Slowing U.S. manufacturing and services activity is causing growth to decelerate.
However, the pace of job gains continues to support the economy.
The S&P 500 finished its strongest three-quarter showing since 1997, up more than 20%.
- Analysts expect third quarter corporate profit growth to decline for the third consecutive quarter.
- The bull and bear case for additional stock gains in the fourth quarter appear equally weighted.
- Corporations and investors may continue to take their cues from developments on trade.
Data Source: FactSet
Signals remain mixed
Recession risks are intensifying, corporate profit growth around the world is slowing and geopolitical frictions are increasingly destabilizing investors’ confidence about the future. The market’s largest risks — a U.S./China trade war and slowing economic growth — continue to loom large on investment sentiment and give us pause.
At the same time, the S&P 500 Index ended the third quarter near its all-time high, thanks in part to the outperformance of several cyclical areas across the U.S. economy this year. Defensive stocks continue to outperform, while previously underperforming areas of the market were strong in September. This points to healthy participation across the U.S. market entering the last stretch of 2019. However, in many respects, the investing environment remains as uncertain today as it was at the start of the third quarter.

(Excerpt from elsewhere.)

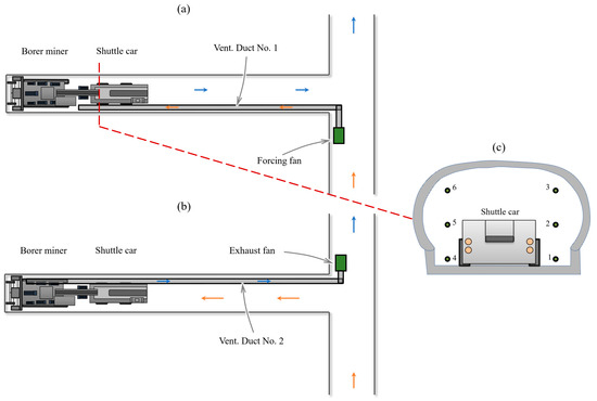 Layout of mining equipment in cases of forcing (a) and exhaust (b) ventilation systems; grid of measurement points 1–6 in the cross-section of a mine working (c).

While stock prices may face increased volatility during October, history suggests the final months of the year in aggregate produce positive results. Although 2018 surely missed the mark on this point — the S&P 500 declined by 13.5% in fourth quarter 2018 — we believe last year’s performance was more the exception rather than the rule. With that said, developments on the trade front may once again challenge favorable historical trends if U.S./China trade tensions take another turn for the worse.

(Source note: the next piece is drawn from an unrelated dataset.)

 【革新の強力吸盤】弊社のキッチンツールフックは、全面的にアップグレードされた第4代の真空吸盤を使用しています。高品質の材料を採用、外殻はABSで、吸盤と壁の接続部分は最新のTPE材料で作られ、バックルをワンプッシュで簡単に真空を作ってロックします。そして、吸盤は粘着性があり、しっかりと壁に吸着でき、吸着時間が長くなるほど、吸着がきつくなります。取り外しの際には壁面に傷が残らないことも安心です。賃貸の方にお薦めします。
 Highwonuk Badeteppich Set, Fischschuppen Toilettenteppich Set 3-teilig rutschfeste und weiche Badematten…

Risk and opportunity appear balanced
As we begin the final quarter of 2019, investors should ground themselves in market themes that continue to support stock prices and keep tabs on catalysts that pose risks. Though hardly an exhaustive list, below is our summary of the bull and bear case for stock prices over the coming months.
At a high level, we believe a little more caution is warranted today. Nevertheless, investors would be remiss if they simply ignored the market’s resiliency, which, in our view, should temper a more bearish view.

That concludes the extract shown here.